Li Yi, Zhang Luming, Shao Lin
IEEE Trans Neural Netw Learn Syst. 2025 Feb;36(2):3384-3395. doi: 10.1109/TNNLS.2024.3349515. Epub 2025 Feb 6.
There are hundreds of high- and low-altitude earth observation satellites that asynchronously capture massive-scale aerial photographs every day. Generally, high-altitude satellites take low-resolution (LR) aerial pictures, each covering a considerably large area.

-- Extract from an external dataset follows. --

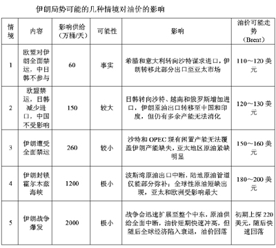 此外,對于伊朗局勢可能的幾種情境,我們做出以下歸類(見下表)。其中情境1、2和3之間的跨度較大,而在情境3下,伊朗遭受全面制裁后到情境4和5的演變將會較為迅速。一旦伊朗爆發(fā)戰(zhàn)事,將會引發(fā)中東原油生產(chǎn)的全面停滯。從目前事態(tài)的發(fā)展來看,仍處于情境1的預(yù)期之下,我們預(yù)計在7月歐洲正式對伊朗實施禁運之后,有可能發(fā)展為情境2,而發(fā)展至情境3的可能性極小。因此,就伊朗局勢的影響而言,我們預(yù)計,在一季度、二季度偏中性,而在三季度之后將對油價產(chǎn)生一定推動。

In contrast, low-altitude satellites capture high-resolution (HR) aerial photos, each depicting a relatively small area. Accurately discovering the semantics of LR aerial photos is an indispensable technique in computer vision. Nevertheless, it is also a challenging task due to: 1) the difficulty to characterize human hierarchical visual perception and 2) the intolerable human resources to label sufficient training data. To handle these problems, a novel cross-resolution perceptual knowledge propagation (CPKP) framework is proposed, focusing on adapting the visual perceptual experiences deeply learned from HR aerial photos to categorize LR ones. Specifically, by mimicking the human vision system, a novel low-rank model is designed to decompose each LR aerial photo into multiple visually/semantically salient foreground regions coupled with the background nonsalient regions. This model can: 1) produce a gaze-shifting path (GSP) simulating human gaze behavior and 2) engineer the deep feature for each GSP. Afterward, a kernel-induced feature selection (FS) algorithm is formulated to obtain a succinct set of deep GSP features discriminative across LR and HR aerial photos. Based on the selected features, the labels from LR and HR aerial photos are collaboratively utilized to train a linear classifier for categorizing LR ones. It is worth emphasizing that, such a CPKP mechanism can effectively optimize the linear classifier training, as labels of HR aerial photos are acquired more conveniently in practice. Comprehensive visualization results and comparative study have validated the superiority of our approach.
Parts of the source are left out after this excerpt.